The Truth about Goats
Disappointingly only a small percentage of processed pork meat products in England and Wales cause an acute infection. With a mere 10% potentially infected with a virus that uses the charmingly named ‘fecal–oral route’, most consumers expressed alarm that the other 90% of ill-tasting ground meat was actually healthy. In fact, rather than containing a virus, most of the British public assumed ‘Hepatitis E’ (HEV) was the name of a racehorse.
Such is the dubious content of the nation’s favourite intestine-filled snack, that nobody would have been surprised if the ingredients were sawdust, the John Lewis penguin and the shredded remains of Lord Lucan. In reality most sausages contain cheap starch filler, like an ITV schedule.
Sausages should be cooked for 20 minutes to kill the virus, but the Department of Health has warned that it will take a lot longer to kill off the lingering doubt that you may have eaten part of a donkey. 1 in 10 sausages may be diseased, but 6 out of 10 are designated as ‘meat: other’; while 3 in 10 have 97% DNA in common with the person eating it.

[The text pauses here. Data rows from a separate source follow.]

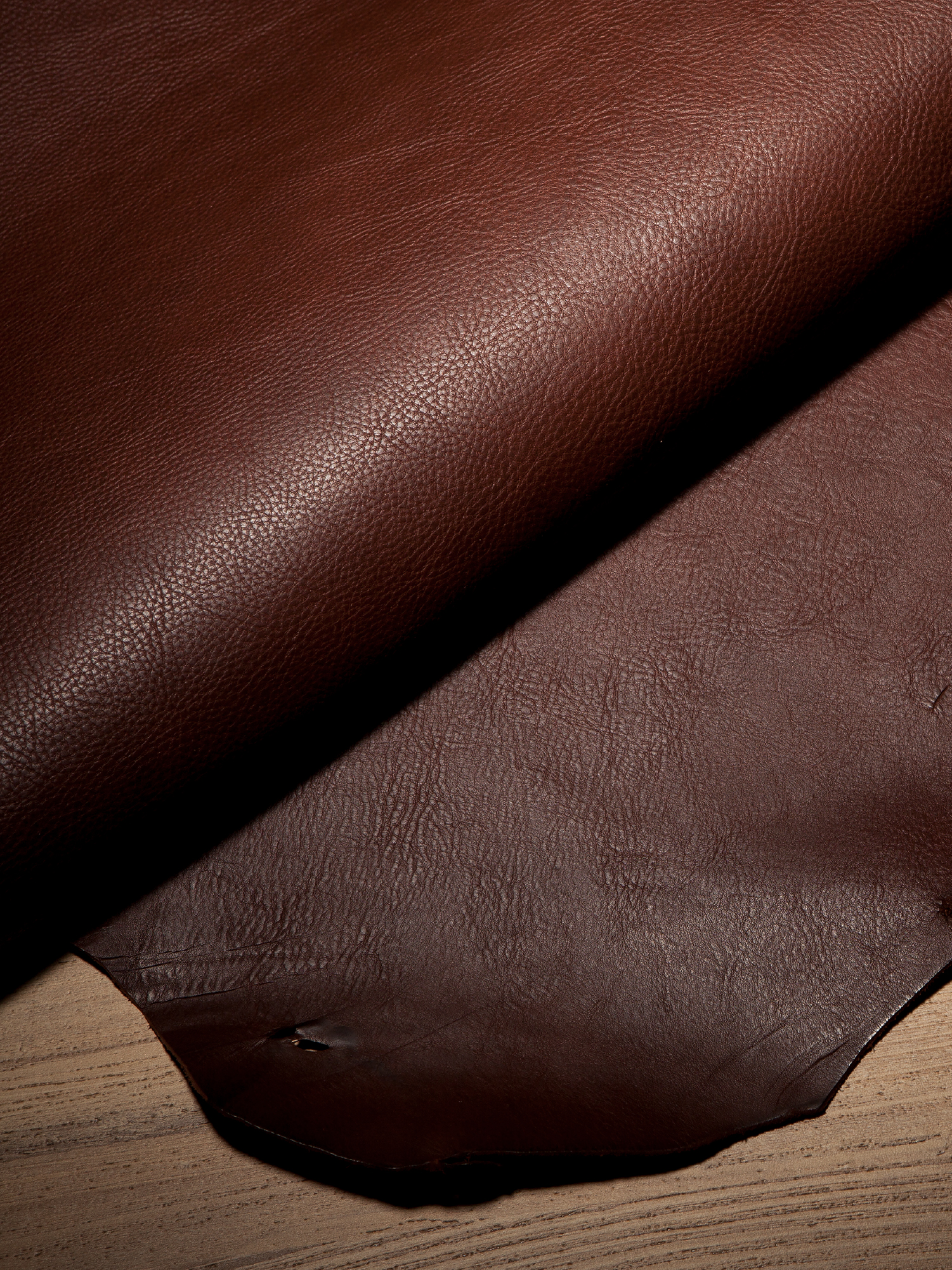 経年変化も圧巻です。植物タンニン鞣し×染料仕上げだからこそ、使うほどに色が深まり、艶が増し、濃淡が豊かに育っていきます。シボの凹凸による陰影が際立ち、革がまとう雰囲気そのものが変化していく姿は、まさに“育つ革”の醍醐味。手の油、光、摩擦など、日々の動作すべてが革の表情に刻まれていきます。
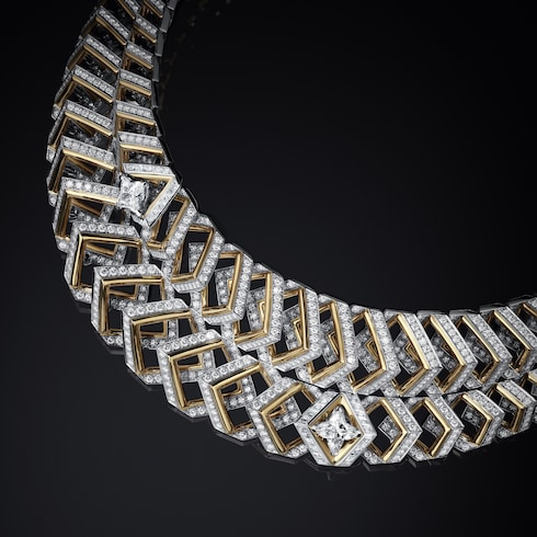 Dynamisme spiegelt den modernen Kollektivismus der Epoche wider und erinnert an das Phänomen des Reisens, mit dem Louis Vuitton an die Spitze der Innovation gelangen konnte. DIe strukturierte Halskette schafft mit ihren präzise ausgerichteten Gliedern und den Diamanten im LV Monogram Star-Schliff eine grafische Darstellung der Verbundenheit und unterstreicht mit ihrem zweisträngigen 3D-Chevron-Motiv handwerkliche Kunstfertigkeit, während Platin und Gelbgold die kantige Ausrichtung unterstreichen.
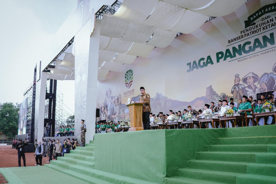 Bupati Banyumas Sadewo Tri Lastiono menyambut hangat dan ikut mendukung pengukuhan 100 ribu Banser Patriot Ketahanan Pangan. Hal tersebut diungkapkan pada sambutannya dalam acara Rapat Akbar dan Pengukuhan 100 Ribu Banser Patriot Ketahanan Pangan pada Kamis (24/4/25) sore di Gelanggang GOR Satria Purwokerto
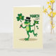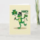 This greeting card shows an upright, humanlike frog in rich green tones, posed as if mid-step on a warm beige background, giving the scene a friendly, flirty energy 💚. The frog wears a black top hat with a thin green band and a neat white bow tie, looking dressed up as though it’s headed to meet someone special. In its left hand it holds a bright red baton, angled forward like it’s leading a little parade for a friend. In its right hand, it waves a green flag marked with a golden Irish harp, adding a proud St. Patrick’s Day touch ☘️. A large shamrock sits near the upper left, echoing the Irish theme and balancing the frog’s raised arm. The text “MARCH 17th” appears near the top in emerald green, set above two smaller shamrocks. The frog’s lifted leg, the tilt of the hat, and the crisp contrast of green, black, white, red, and gold stand out clearly against the soft beige field.

It should be noted that supping on an infected sausage will severely impair a person’s ability to work, or so complain Russell Brand’s jobless ex-girlfriends. Abattoirs show a big rise in confirmed cases of HEV, but coincidently a big rise in the disappearance of household pets. A doctor warned: ‘Symptoms include jaundice and nausea, but so does stumbling in on your parents having sex. So, basically avoid any sort of pig in a blanket’.